1) Promoters signal confidence: The company has sharply cut the size of its Offer For Sale (OFS) from earlier plans, a

move seen by analysts as a sign that existing investors prefer to retain their holdings. The trimmed OFS, they say,

improves sentiment among prospective investors who often read such decisions as promoters’ confidence in the company’s

future performance.

The IPO includes an OFS of 10.55 crore shares valued at Rs 1,171 crore at the upper band. The sale comprises shares held

by early investors such as Elevation Capital, Peak XV, Venture Highway and Y Combinator, as well as promoters Vidit

Aatrey and Sanjeev Kumar. The company plans to use the primary proceeds for cloud infrastructure investment, marketing

and brand-building, inorganic growth opportunities and general corporate purposes.
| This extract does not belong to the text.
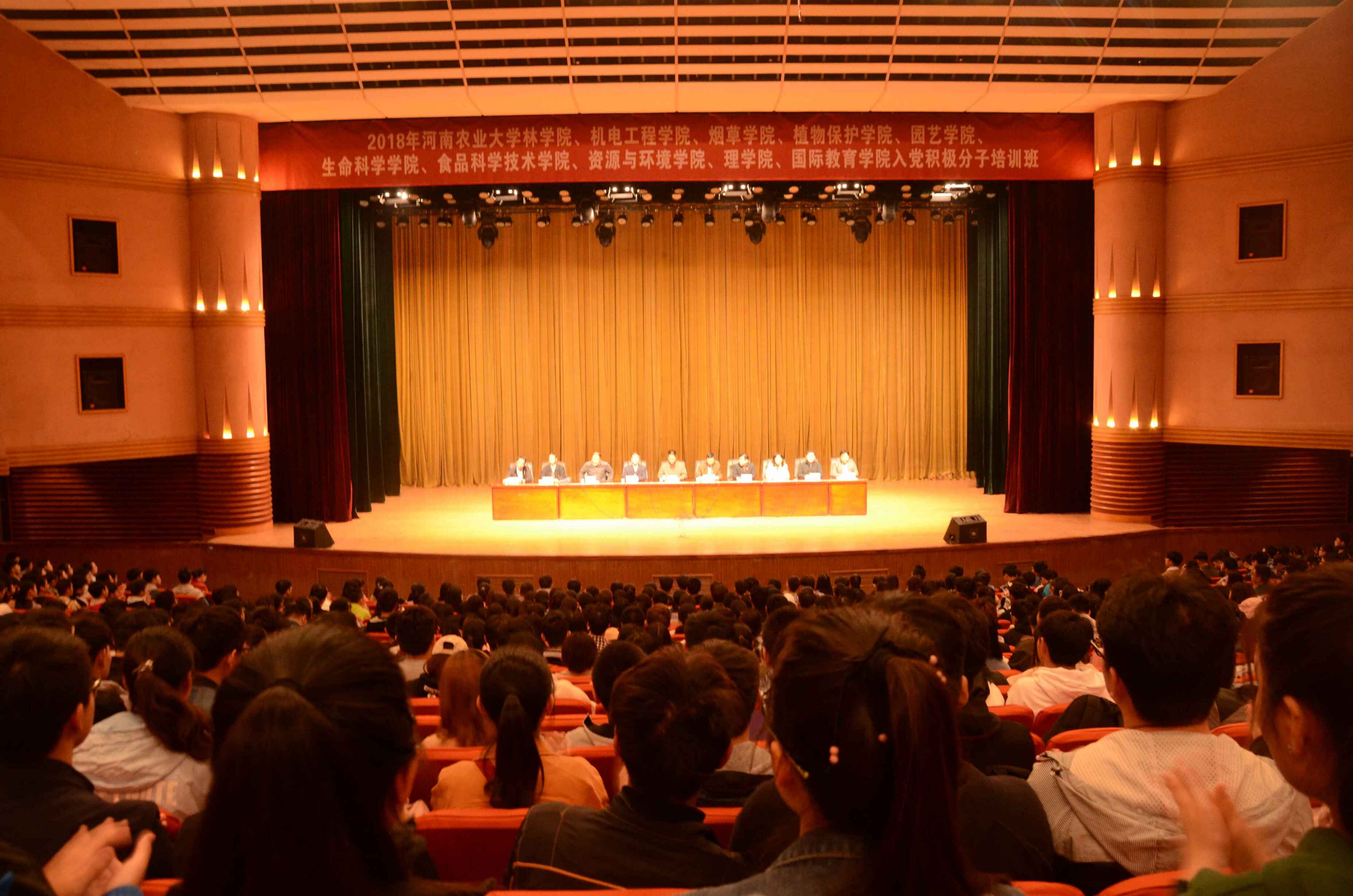 根据校党委组织部《关于举办学生党员、入党积极分子培训班的通知》(校组〔2018〕28号)的精神,按照校党委党课培训的工作部署,11月4日上午8:30,由爆料网 牵头举办的文化路校区2018年入党积极分子培训班在校大礼堂隆重开班。校党委组织部副部长侯金超、爆料网 党委书记郑东方、机电工程学院党委书记李世欣、烟草学院党委书记李平、园艺学院党委书记耿超明、生命科学学院党委书记陈玲、食品科学技术学院党委书记杨喜洲、资源与环境学院党委书记毕庆生、植物保护学院党委副书记王宏立、理学院党委副书记李兴旺出席了本次开班典礼。1328名入党积极分子参加了此次培训,会议由郑东方主持。
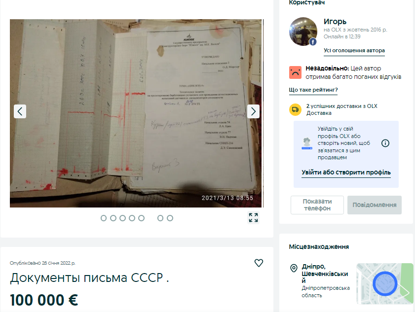 Продавец из Днепра предлагает купить документы и письма, которые принадлежат двум гигантам промышленности - Днепропетровскому машиностроительному заводу и КБ «Южное».

Meesho breaks from new-age playbook with a sensibly priced IPO

2) Betting Big on Technology: Meesho follows a technology-first strategy, limiting manual interventions across its

operations. The company has integrated GenAI tools into its engineering workflow to streamline code generation, improve

development speed and reduce deployment time. Its mobile application is designed with India-specific user behaviour in

mind, helping the platform scale while keeping operating costs in check and improving overall efficiency.

3) No direct listed peers: Analysts note that Meesho’s business model makes it difficult to benchmark against other

recently listed consumer-tech companies. Its combination of large user scale, low average order value, asset-light

fulfilment and NMV-linked economics sets it apart from platforms such as Zomato, Nykaa or Mamaearth. "There aren’t

really any direct peers… given the size and scale Meesho has achieved, there are very few comparable companies," Fisdom

Head of Research Nirav Karkera said. They add that comparisons used in the market are largely sentiment-driven rather

than for valuation purposes.

4) Losses narrow sharply: Meesho reported a net loss of Rs 3,942 crore for FY25, mainly due to exceptional items related

to its transition to a public structure, including reverse flip tax and perquisite tax. The company’s losses narrowed

significantly to Rs 700.72 crore in the first half of FY26 from Rs 2,513 crore in the same period last year. Revenue

from operations rose to Rs 5,577.54 crore in the six months ended September 2025 from Rs 4,311.29 crore a year earlier.

5) Zero-commission model draws sellers and buyers: Meesho operates a platform that connects consumers, sellers,

logistics partners and content creators. Managing Director and CEO Vidit Aatrey said the company focuses on offering

"everyday low prices" supported by its technology-led processes and scale. He said the zero-commission model helps

reduce fulfilment costs for sellers, enabling them to list affordable products across categories, from unbranded items

to regional and national labels. According to him, the platform has become a destination for a wide range of purchases

and is attracting users who previously shopped on other e-commerce platforms.